Dear God (aka Garden Tractor Forum participants),

Please help...

I have a 20HP 46" Garden Tractor purchased sometime between 1990-1995: 917-273021 (Roper Corp) I also happen to live in Wyoming and have 4 acres and a very long driveway.... thus, I need a snowblower and quick.

I don't have a thousand bucks to throw down on a new 24838 snow thrower w/ the 24831 kit to adapt to my older machine, and I can't find a used and thus affordable 24846 snow thrower.

I DID find a 842-24063 (Haban) snow thrower that had been used with a 1992 18 HP 42" GT 917-255920, but am afraid to purchase it because I really have enough non-working, incompatible tractor/equipment/etc. pieces of potentially useful but not really items in my garage, yard and basement (read= my husband throws nothing away) AND I actually need something that will work.

Is there anyone who can verify or deny the possibility of this '92 thrower working with my tractor(without using duct tape...)? I can't find any information about compatibility fit-up... only the prescribed fit-up, but in reading a gazillion posts, I noticed that you folks are loaded with ingenuity.
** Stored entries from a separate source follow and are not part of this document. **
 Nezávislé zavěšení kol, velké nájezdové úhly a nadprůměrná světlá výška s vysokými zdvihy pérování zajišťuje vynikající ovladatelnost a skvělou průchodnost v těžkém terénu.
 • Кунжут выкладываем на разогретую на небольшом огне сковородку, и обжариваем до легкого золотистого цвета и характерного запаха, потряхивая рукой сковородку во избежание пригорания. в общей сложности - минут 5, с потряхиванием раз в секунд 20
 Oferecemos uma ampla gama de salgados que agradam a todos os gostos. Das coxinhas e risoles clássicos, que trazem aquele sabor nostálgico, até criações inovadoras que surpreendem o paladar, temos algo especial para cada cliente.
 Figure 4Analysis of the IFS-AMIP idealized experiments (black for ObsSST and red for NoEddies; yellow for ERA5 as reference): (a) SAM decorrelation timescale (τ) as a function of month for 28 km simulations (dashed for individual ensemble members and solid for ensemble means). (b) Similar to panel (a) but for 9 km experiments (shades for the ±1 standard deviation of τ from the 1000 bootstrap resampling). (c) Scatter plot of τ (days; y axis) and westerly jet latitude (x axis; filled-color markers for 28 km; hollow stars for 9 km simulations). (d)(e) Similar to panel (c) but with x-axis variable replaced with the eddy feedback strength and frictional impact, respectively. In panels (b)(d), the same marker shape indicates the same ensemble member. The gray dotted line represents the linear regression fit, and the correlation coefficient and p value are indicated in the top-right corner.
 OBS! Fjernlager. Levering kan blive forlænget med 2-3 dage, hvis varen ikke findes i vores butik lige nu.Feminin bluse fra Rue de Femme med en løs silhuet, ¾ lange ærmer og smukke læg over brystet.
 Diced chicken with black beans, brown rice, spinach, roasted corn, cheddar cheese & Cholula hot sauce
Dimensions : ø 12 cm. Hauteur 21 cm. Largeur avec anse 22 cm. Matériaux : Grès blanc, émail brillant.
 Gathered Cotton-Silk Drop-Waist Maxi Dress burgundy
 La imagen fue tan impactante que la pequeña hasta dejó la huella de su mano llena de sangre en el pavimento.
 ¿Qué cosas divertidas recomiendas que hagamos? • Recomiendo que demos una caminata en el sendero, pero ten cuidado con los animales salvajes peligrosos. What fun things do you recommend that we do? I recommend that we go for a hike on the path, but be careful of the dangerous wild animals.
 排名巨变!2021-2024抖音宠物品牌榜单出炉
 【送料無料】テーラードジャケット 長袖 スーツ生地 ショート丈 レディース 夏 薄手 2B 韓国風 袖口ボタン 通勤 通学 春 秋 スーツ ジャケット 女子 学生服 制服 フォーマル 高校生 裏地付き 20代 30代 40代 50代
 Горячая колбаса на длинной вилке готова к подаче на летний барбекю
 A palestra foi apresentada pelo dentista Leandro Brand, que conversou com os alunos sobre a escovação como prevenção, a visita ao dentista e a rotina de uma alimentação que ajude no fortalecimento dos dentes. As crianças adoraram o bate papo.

The only information I was able to find is that the '92 thrower will probably require a manual clutch conversion kit (#18786).

The Mister is very handy, but not so much with the internet, so I'm his tech-ambassador. I apologize if this has been addressed elsewhere, but I promise I looked carefully before starting a new thread...

MUCH obliged for any assistance!!!!

Tonya


----------